By definition a thread is:

“A small program that works as a subsystem, which is a way for a process to self-divide into two or more tasks. It is another term for Line or Execution Sequence. These multiple tasks can be performed concurrently to run faster than a program in a single block, or parallelized, being so fast that they seem to be working at the same time.”
O que é Thread)

In other words, a thread makes your tasks parallelized by running them simultaneously, thus being faster than a task executed line after line. Imagine that, given a functional rule, you are able to perform tasks in parallel, such as filtering and separating bad and good data from a dataframe, and also performing certain activities such as .withColumn() , .map() and/or .write(). These files are generated from a single variable, which have no degree of dependency.

Spark itself works in a distributed way, however, when we talk about code lines, the process is not smart enough to start the first function and the following ones in parallel, so that they are seamlessly processed at the same time. But , it is smart enough to assign resources to smaller tasks, freeing up space as soon as a process is finished. Therefore, when using threads, these functions execute in parallel, using the resources dynamically. (Especially when we switch the scheduler.mode from FIFO to FAIR.)

How to apply threads in a pyspark process?

The script below provides a simple example of how to apply threads in a scope by using pyspark, loading a file and processing two functions in parallel. At first we imported the python threading package.

Import threading

· A valuable point in using threads is combining their execution shortly after a .cache(). When it comes to action/transformation in spark, we have to keep in mind that, given a method, there are high chances of an action calling up the same transformations countless times when not optimally designed. Worse than that, in a parallel process, where it is possible to access the same record simultaneously.
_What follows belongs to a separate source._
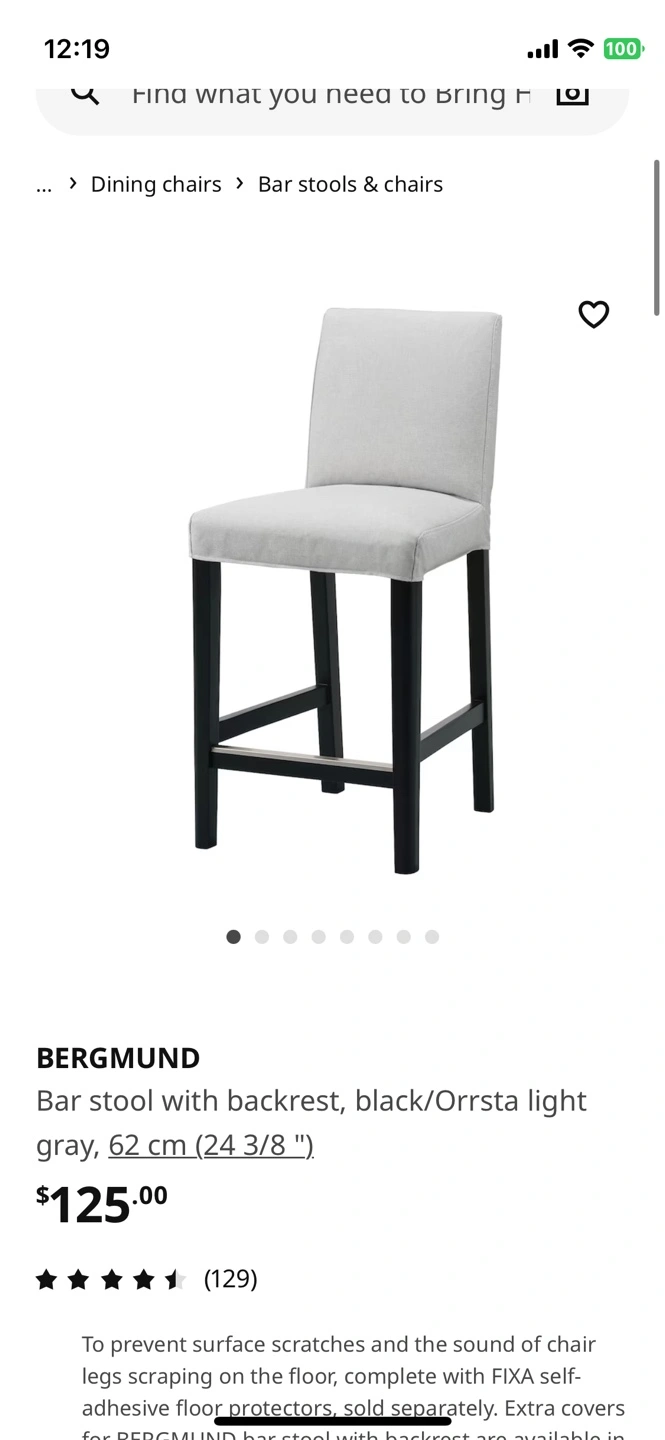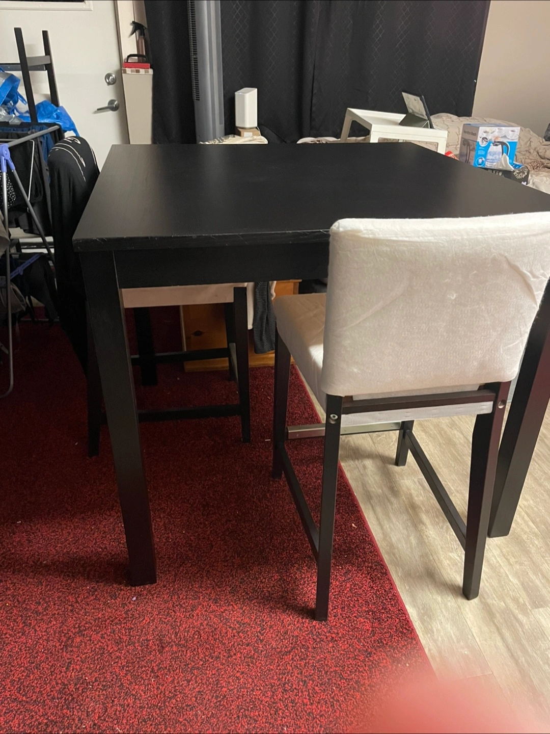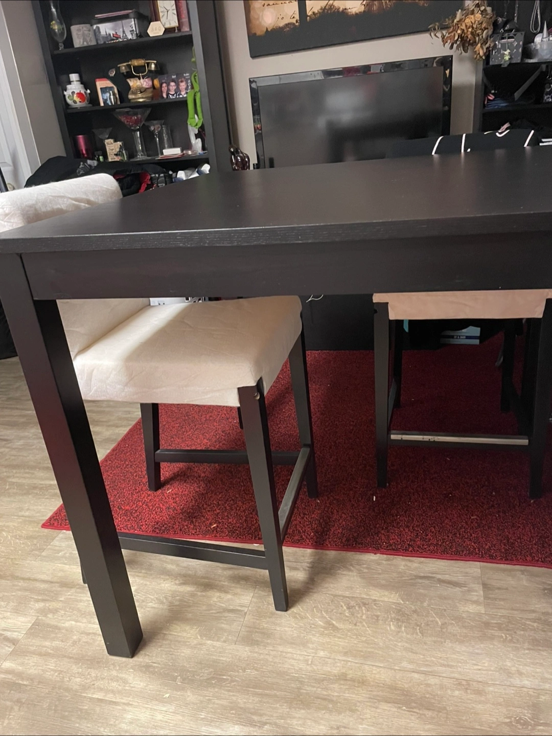Black bar top dining table very durable easy to assemble plus 4 IKEA Bergmund bar stool with a high backrest . It measures 62 cm (24 3/8 "). The stools are in good condition and table used but in good condition a few scraps here and they but can be touched up from smoke/pet free home pick up only will need a truck most likely only serious inquiries please

By putting your variable in memory, the tasks will use the data in parallel without having to load them again.

file = sc.textFile(“/inFiles/shakespeare.txt”).flatMap(lambda line: line.split(“ “)).cache()

· We instantiate variable threads with functions passing the variable (e.g. an rdd) as input parameter.

#Instantiating thread variables with functions in memory.
T1 = threading.Thread(target=wordCount, args=(file,))
T2 = threading.Thread(target=charCount, args=(file,))

· We start executing with .start() and stop with .join(), otherwise we can have it running in parallel up until conclusion, along with the main stream.

# Starting threads execution.

# Pausing thread execution to follow the main stream.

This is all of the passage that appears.